Subprime Mortgage Crisis Hits Second Life

Netizens of Second Life had a real loss of US$ 750.000,00
when a virtual investment bank, Ginko Financial, filed bankruptcy in August 2007. Ginko Financial offered a 40% annual interest rate to its investors.

In Second Life, there are plenty of investment banks offering hyper-real interest rates, much higher than Brazil and Turkey in the real world. Since January 8th, Linden Lab has prohibited virtual financial institutions to offer interest rates not compatible with their asset capability, be that in Linden Dollars or in any real currencies.

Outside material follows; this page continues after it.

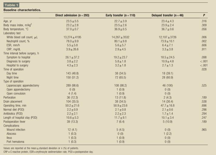 共有449例患者纳入研究,直接住院293例,早期转移入院110例,延迟转移入院46例。每组从发病开始到手术时间及从住院到手术时间情况见表1。早期手术和转移延迟组平均术前时间为2.6±0.7h和8.3±4.7h。三组患者年龄,发生症状到住院时间,体温,BMI,ESR和CRP水平相似。与其他组相比,延迟转移组患者的白细胞计数和中性粒细胞计数较低。早期和延迟转移组中,手术多集中在傍晚5点半之后,直接入院组从诊断到手术时间较短,三组之间并无统计学差异。
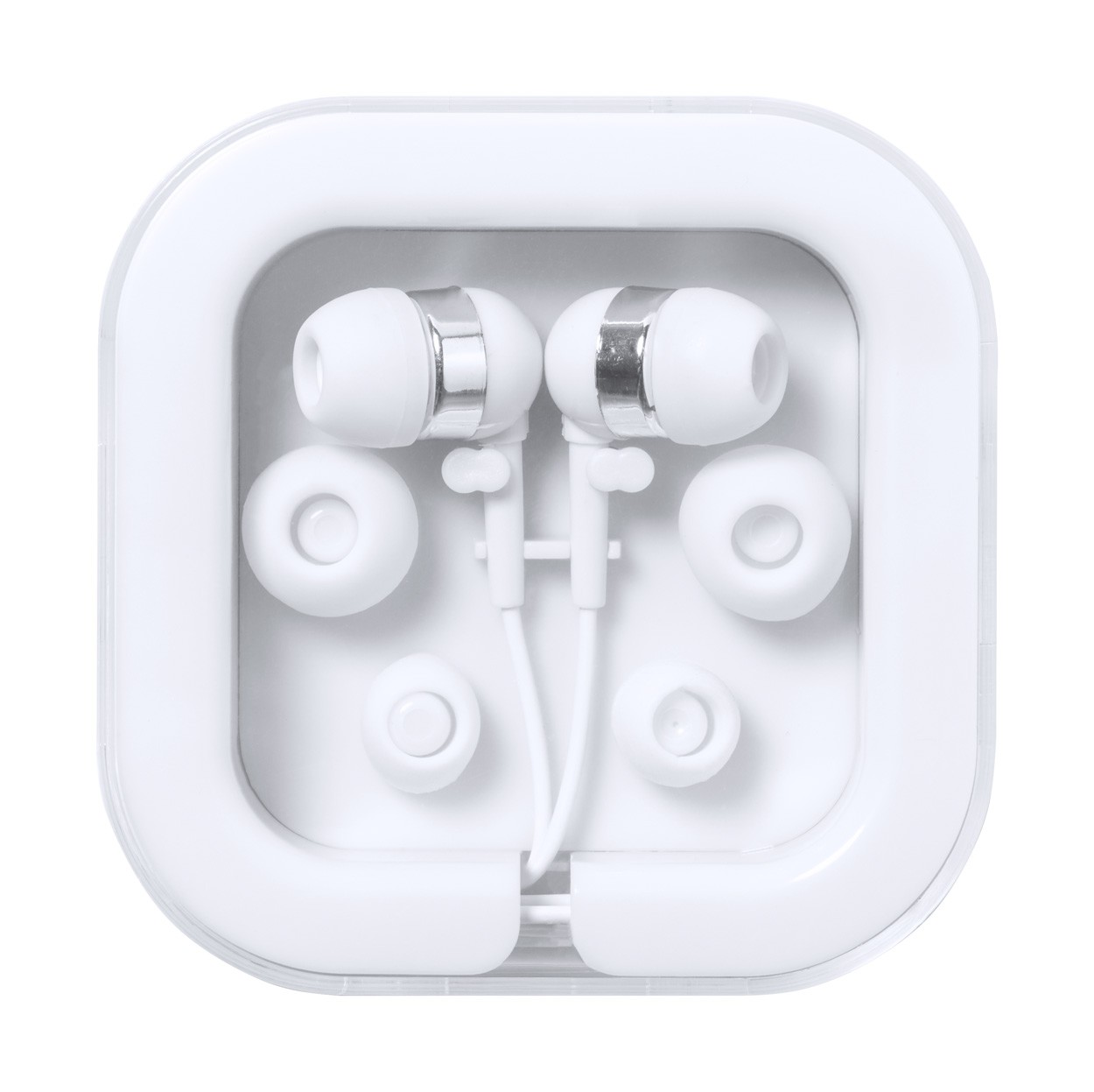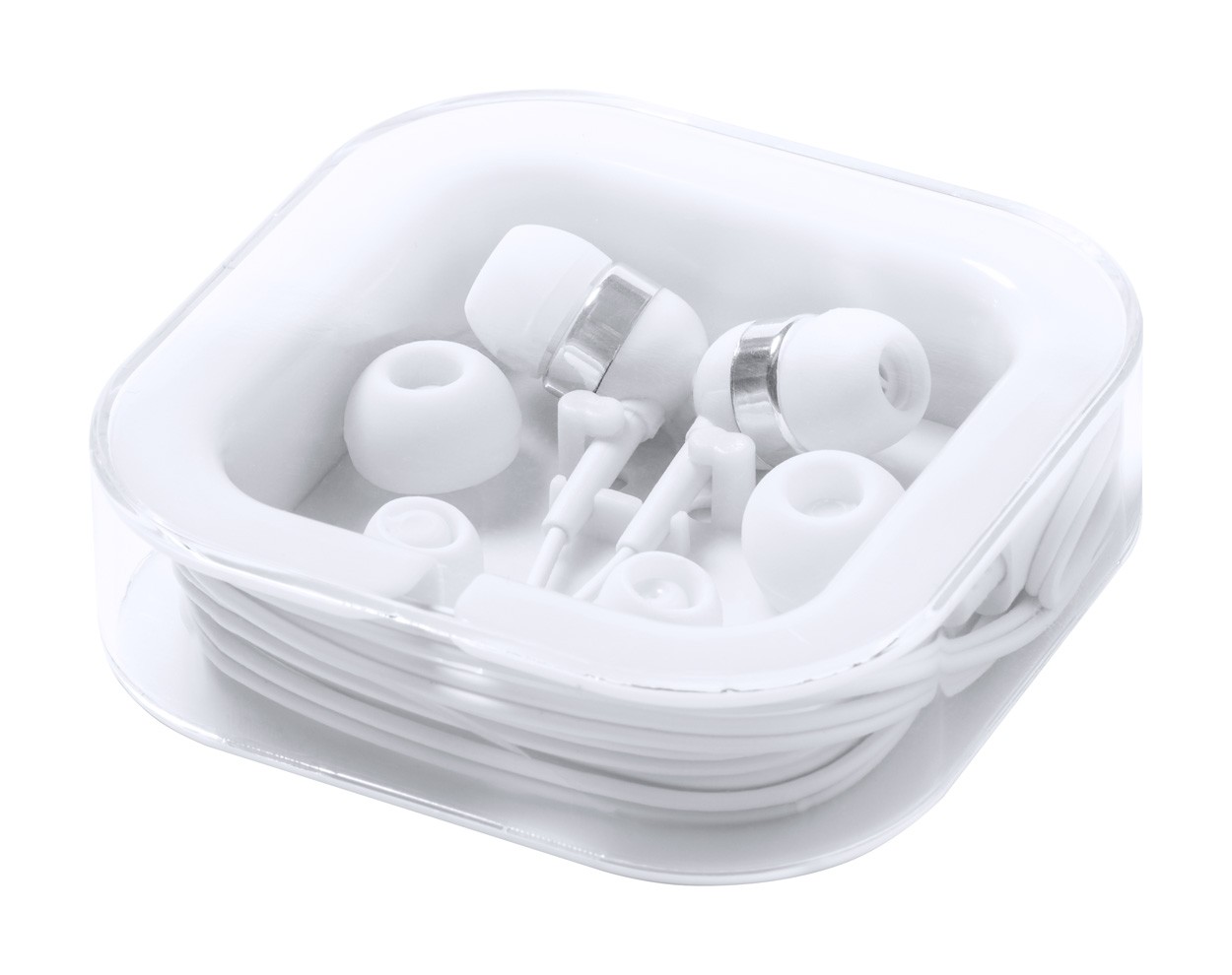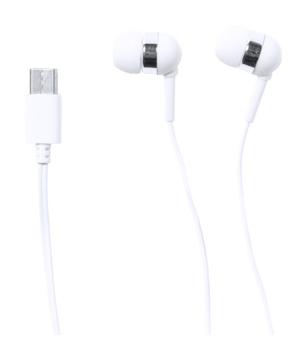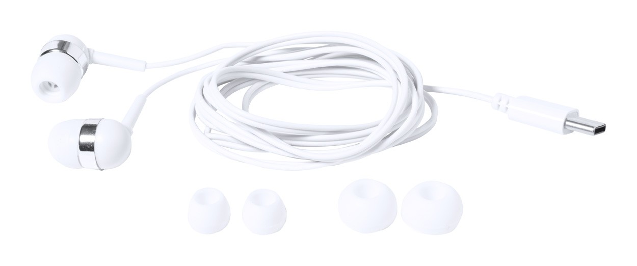 Căști intra-auriculare cu conexiune USB-C și 3 perechi de căști, în carcasă din plastic.

It is a known fact that Linden Dollars can be converted into US$ Dollars and Euro. This very fact makes Second Life’s virtual economy as real as the New York Stock Exchange.

Money, be it virtual or real, is virtual anyway. It represents goods and services that the real economy has to offer, so that you will not be buying your next meal or car, in exchange for doing the dishes or trading your house for the car.

So, Second Life economy is something virtual of something already virtual.

Any virtual mechanism (money and financial institutions) that affects the real economy (goods and services) must be regulated in such a way that will not plunder the real economy. When virtual mechanisms (money) become more real than real economy itself, by selling virtual products (bonds and stocks), financial mishaps are certainly to occur, like the present subprime mortgage crisis and Second Life’s bankruptcies.

Brief and to the Point:

You do not need to participate in Second Life if you already own bonds and stocks; you are already in one virtual world.

Better stick to your basic social networking needs, in the real or the virtual world, for certainly you are not likely to lose all your retirement savings!!